---------- RECORDS FOR THE TASK

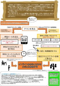 参加をご希望される方は、事務局藤井宏明のメールアドレスh-fujii@heisei-u.ac.jpにメールでお申し込みください。折り返し、IDとパスコードをご連絡いたします。福山市の補助金で運営しております認知症カフェですから、参加は無料です。福山市御幸町にお住まいの皆様は勿論、福山市外の方でもどなたでもご参加いただけます。多数の皆様のご参加をお待ちしております。
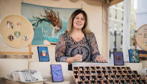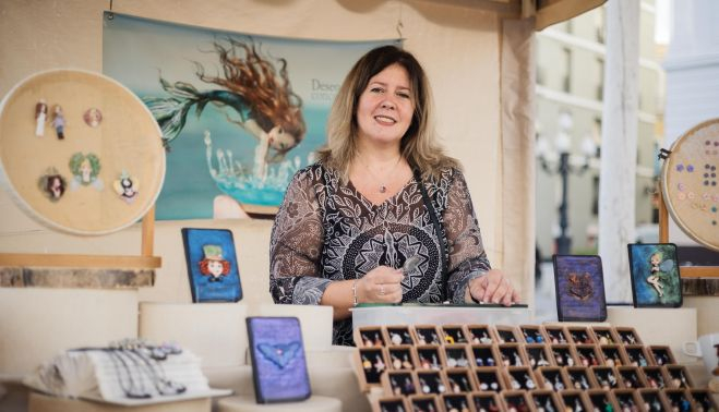 Primera hora de la mañana en Cádiz. La capital despierta con molletes de jamón, idas y venidas de autobuses y artesanos. En la plaza San Juan de Dios, centro neurálgico para creadores, una mujer prepara su puesto. La argentina Adriana Siri, de 52 años, coloca pendientes, colgantes y marcapáginas sobre una mesa que, en unos minutos estará repleta de figuras realizadas con arcilla polimérica.
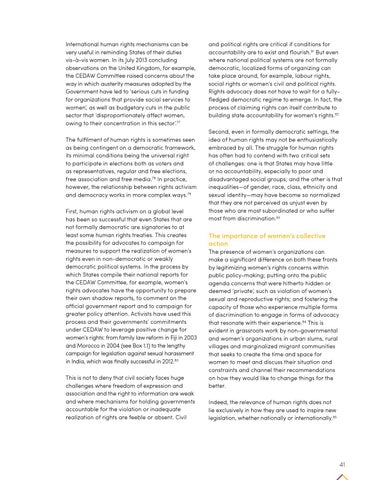 and political rights are critical if conditions for accountability are to exist and flourish.81 But even where national political systems are not formally democratic, localized forms of organizing can take place around, for example, labour rights, social rights or women’s civil and political rights. Rights advocacy does not have to wait for a fullyfledged democratic regime to emerge. In fact, the process of claiming rights can itself contribute to building state accountability for women’s rights.82 Second, even in formally democratic settings, the idea of human rights may not be enthusiastically embraced by all. The struggle for human rights has often had to contend with two critical sets of challenges: one is that States may have little or no accountability, especially to poor and disadvantaged social groups; and the other is that inequalities—of gender, race, class, ethnicity and sexual identity—may have become so normalized that they are not perceived as unjust even by those who are most subordinated or who suffer most from discrimination.83
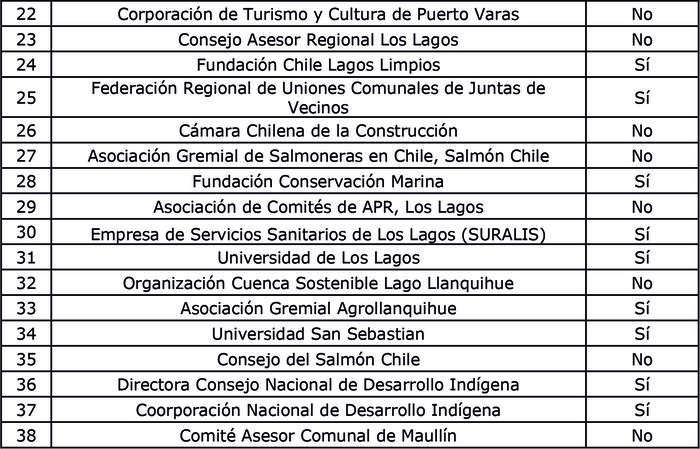 5. Incorpórese, en razón del periodo de escucha, a la Mesa Estratégica de Recursos Hídricos, de la Cuenca Maullín y Adyacentes a la siguiente persona jurídica:
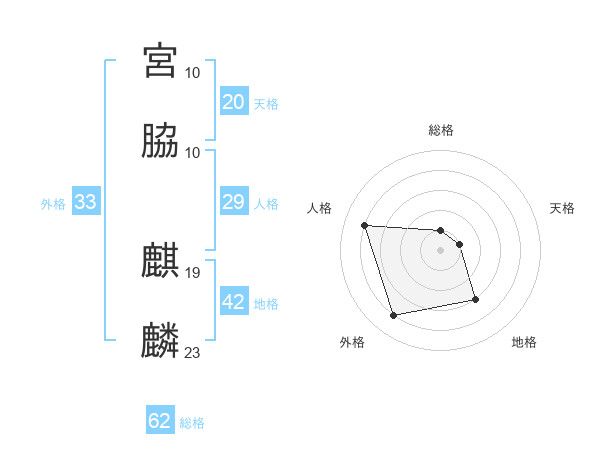 宮脇 麒麟さんの総格は62画の1点!
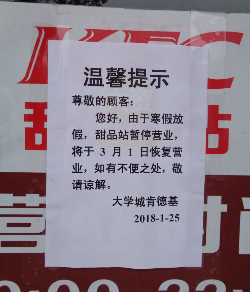| 肯德基甜品站寒假期间暂停营业 3月1日恢复 | ||||||

--------------------

**EXERCISE GOAL:** Please retype all the entries word for word, omitting the pictures.

**SOLUTION TO THE PROBLEM:**
 参加をご希望される方は、事務局藤井宏明のメールアドレスh-fujii@heisei-u.ac.jpにメールでお申し込みください。折り返し、IDとパスコードをご連絡いたします。福山市の補助金で運営しております認知症カフェですから、参加は無料です。福山市御幸町にお住まいの皆様は勿論、福山市外の方でもどなたでもご参加いただけます。多数の皆様のご参加をお待ちしております。
 Primera hora de la mañana en Cádiz. La capital despierta con molletes de jamón, idas y venidas de autobuses y artesanos. En la plaza San Juan de Dios, centro neurálgico para creadores, una mujer prepara su puesto. La argentina Adriana Siri, de 52 años, coloca pendientes, colgantes y marcapáginas sobre una mesa que, en unos minutos estará repleta de figuras realizadas con arcilla polimérica.
 and political rights are critical if conditions for accountability are to exist and flourish.81 But even where national political systems are not formally democratic, localized forms of organizing can take place around, for example, labour rights, social rights or women’s civil and political rights. Rights advocacy does not have to wait for a fullyfledged democratic regime to emerge. In fact, the process of claiming rights can itself contribute to building state accountability for women’s rights.82 Second, even in formally democratic settings, the idea of human rights may not be enthusiastically embraced by all. The struggle for human rights has often had to contend with two critical sets of challenges: one is that States may have little or no accountability, especially to poor and disadvantaged social groups; and the other is that inequalities—of gender, race, class, ethnicity and sexual identity—may have become so normalized that they are not perceived as unjust even by those who are most subordinated or who suffer most from discrimination.83
 5. Incorpórese, en razón del periodo de escucha, a la Mesa Estratégica de Recursos Hídricos, de la Cuenca Maullín y Adyacentes a la siguiente persona jurídica:
 宮脇 麒麟さんの総格は62画の1点!
| 肯德基甜品站寒假期间暂停营业 3月1日恢复 | ||||||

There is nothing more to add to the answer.